One of the most promising areas for archaeology these days.... is underwater villages and other important places where people lived hundreds and thousands of years ago... Kind of makes you wonder since current forecast (always 30 to 50 years away...) -very conveniently fail to mention all things that happened long before “global warming” or “climate change” or whatever the current catch phrase is today or tomorrow (or whenever...).


----------



## mtoddsolomon (Mar 25, 2015)

Is nobody concerned that the EARTH IS FLAT????


----------



## paulrad (May 10, 2016)

Here's "science".


----------



## Guest (Nov 23, 2019)




----------



## lemaymiami (Feb 9, 2007)

and of course... after all is said and done - "climate change, climate emergency, global warming, etc." is still a lot more about politics than science...


----------



## Smackdaddy53 (Dec 31, 2012)

The moon landing was a hoax


----------



## DuckNut (Apr 3, 2009)




----------



## jasonrl23 (Jul 27, 2009)

lemaymiami said:


> One of the most promising areas for archaeology these days.... is underwater villages and other important places where people lived hundreds and thousands of years ago... Kind of makes you wonder since current forecast (always 30 to 50 years away...) -very conveniently fail to mention all things that happened long before “global warming” or “climate change” or whatever the current catch phrase is today or tomorrow (or whenever...).

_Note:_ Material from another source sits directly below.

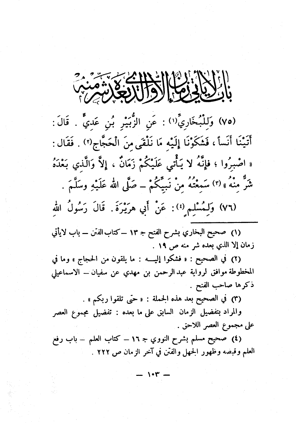 (75) وللبخاريّ1: عن الزّبير بن عديّ. قال: أتينا أنساً، فَشَكَوْنَا إليه ما نلقى من الحجاج2. فقال: "اصْبِرُوا؛ فَإِنَّهُ لا يَأْتِي عَلَيْكُم زَمَانٌ إَلاّ والّذي بَعْدَهُ شَرٌّ مِنْهُ"3، سَمِعْتُهِ من نبيِّكم – صلّى الله عليه وسلّم -.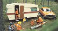 Det råder knappast någon tvekan om att modefärgen var orange när denna totalarrangerade reklambild togs. Utöver Polarvagnen och bilen ser vi en Honda Z50J Monkeybike, en sådan som kastades i vattnet i filmen Göta Kanal. Och så förstås en hel familj i matchande overaller. Hinken och de blå tofflorna passar dock inte in, hur kunde de missa det?

One of my favorites recently is the forest discovered a quarter mile in the gulf off of Alabama. A hurricane uncovered it a few years back. Perfectly preserved, not caused by man, but does point out that the ocean has been rising for a while.


----------



## jasonrl23 (Jul 27, 2009)

lemaymiami said:


> My favorite new breathless topic being tried out on local PBS radio.... “climate migration”...
> 
> I find myself laughing (it’s better than crying...).


Im hedging my bet that another Maunder Minimum is on the way. Nasa warned of it with little coverage from the media.

Explains a lot of the extreme winter weather. This year will be bad. Next year will be worse. If we see an extended pause, Florida property values are going to sky rocket.


----------



## MSG (Jan 11, 2010)

Wow - must be another conspiracy story- the 90 plus percent of the scientific community agreeing must be out to get us - and this from a group that is supposed to supportive of the environment


----------



## MSG (Jan 11, 2010)

oh - even more news just today form the United Nations - again - must be a giant worldwide conspiracy - you guys can't possibly believe this???? Really??? How is it possible - are we really in a day and age when facts and agreement by the vast majority of the scientific worldwide community doesn't matter. Will you continue to believe the 1 percenters - does that make any sense??


----------



## DuckNut (Apr 3, 2009)

MSG said:


> oh - even more news just today form the United Nations - again - must be a giant worldwide conspiracy - you guys can't possibly believe this???? Really??? How is it possible - are we really in a day and age when facts and agreement by the vast majority of the scientific worldwide community doesn't matter. Will you continue to believe the 1 percenters - does that make any sense??


It's ok you have your opinion so can you answer how the Sahara desert became so dry if the water is rising, because it was once under water?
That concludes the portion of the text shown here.